J'avais été vertement et grossièrement pris à partie par Jean-Luc Marion pour avoir situé la démarche de Communio dans le catholicisme intégral et néo-intransigeant : il est allergique à tout ombre de rapprochement avec les traditionalistes.
J'avais eu la satisfaction d'être approuvé par 2 autres fondateurs et par les textes de toute façon.

Le Père Guy de Broglie sj était titulaire d'une chaire d'histoire ? Je n'ai pas résussi à retrouver sa carrière.
images/icones/croix.gif  ( 617883 )À lire en ligne par NéoAthanase (2011-12-05 00:34:34) 
[en réponse à 617880]

Chers liseurs, cher professeur,

Juste pour signaler que le dernier des deux articles mentionnés par M. Perrin, celui donc publié dans la revue Résurrection, intitulé « Cinquante Ans de la revue Résurrection », est disponible en ligne ici.
Est-ce la peine – si, cela l'est – d'ajouter ici que cet article a remarquablement su, d'un regard extérieur et néanmoins non exempt de bienveillance, reproduire les constantes de la position doctrinale et « stratégique » de la revue, d'une façon qui a rejoint ce qu'en pensaient ceux concernés de l'intérieur, voire qui les a éclairés sur celles-ci.

Bonne lecture !
NéoAthanase

P.S. : Apparemment et de bonne source, les fameux Mémoires devraient être publiés en 2012 au Cerf, mais Le Métier de théologien éclaire déjà sur la vie et la pensée du R. P. Louis Bouyer – occasion aussi de saluer celui qui avait réalisé ces entretiens, Georges Daix, récemment disparu.

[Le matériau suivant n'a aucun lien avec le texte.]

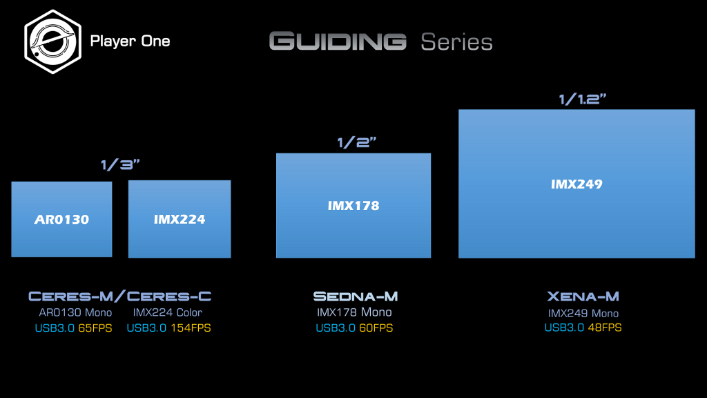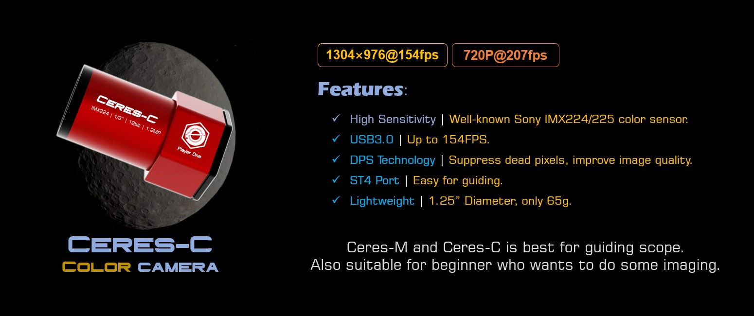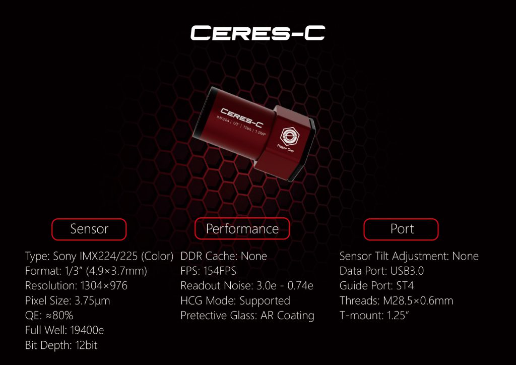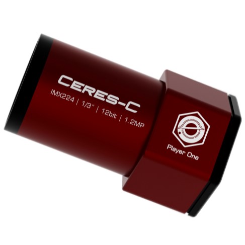 Player One CERES-C Color (SKU: POA-CERES-C) to ekstremalnie lekka i szybka kamera one-shot color stworzona z myślą o guidowaniu, fotometrii gwiazd zmiennych oraz rejestracji planet, Księżyca i przelotów ISS. Sercem kamery jest ceniony sensor Sony IMX224 COLOR (1/3″, 1,27 MP), łączący bardzo niski szum odczytu z wysoką czułością kwantową (≈77 %) – także w bliskiej podczerwieni. Elektronika USB 3.0 i bufor 256 MB DDR-III umożliwiają zapis do 150 kl./s w pełnej rozdzielczości RAW10 bez gubienia klatek.
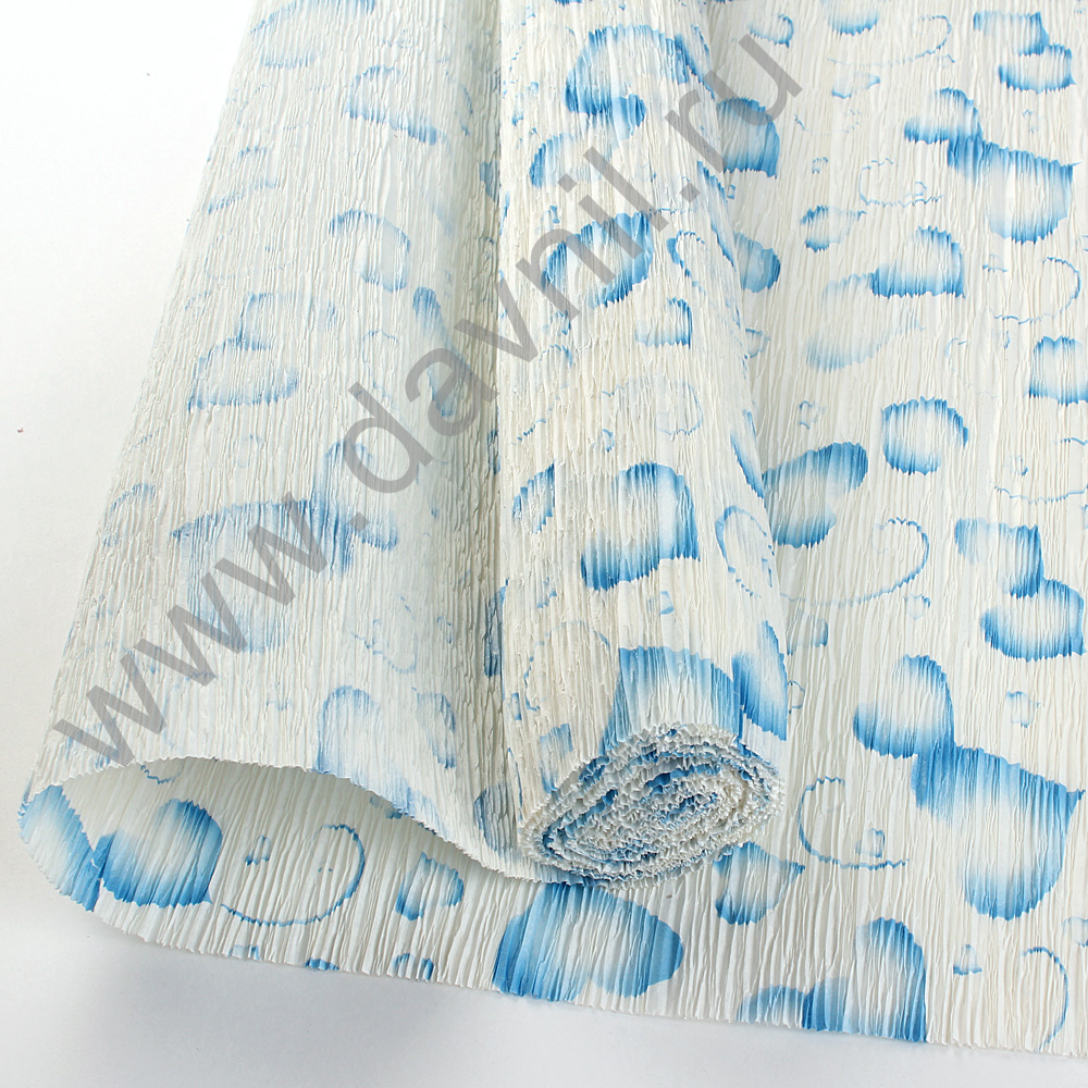 Бумага гофрированная 50 см 2,5 м с голубыми сердечками белая 1

Une journée d'hommage a eu lieu récemment en l'honneur de l'oratorien, et il faut aussi mentionner l'ouvrage récent de Jean Duchesne, Louis Bouyer, Artège, 2011.
images/icones/livre.gif  ( 617913 )Nombreux articles en ligne sur le P. Louis Bouyer par NéoAthanase (2011-12-05 11:20:57) 
[en réponse à 617883]

Bonjour à tous,

Les liseurs intéressés par le R. P. Bouyer pourront également, outre les références écrites que je mentionnais dans mon précédent message, se reporter aux articles du numéro d'hommage audit oratorien, publié par Résurrection en 1998, et qui est intégralement en ligne ici.

Outre l'éditorial amical du P. Gitton, on y trouve un article sur la conception qu'avait le R. P. Bouyer de la vie monastique, sur sa théologie de la liturgie, sur son Mystère pascal, sur la création dans sa dimension cosmique, sur sa vision du mythe (par le P. Maisonneuve), etc. Et deux articles plus historiques, l'un de P. Airiau le situant dans les polémiques de son siècle, l'autre de S. Pruvot situant ses rapports avec Mgr Charles.

Une belle figure à découvrir pour relancer notre zèle apostolique et intellectuel, pour l'intellectus fidei.
NéoAthanase
images/icones/neutre.gif  ( 617893 )Sur Communio par Denis SUREAU (2011-12-05 09:14:51) 
[en réponse à 617880]

L'édition française de Communio a une ligne qui, sur bien des points, est à l'opposé d'autres éditions comme l'américaine. Cela tient à des personnalités qui, comme Marion, ont une philosophie qui ne se veut pas chrétienne et qui, de fait, ne l'est pas. Certes, il y a des personnes fort honorables à Communio-France, mais aussi de véritables imposteurs.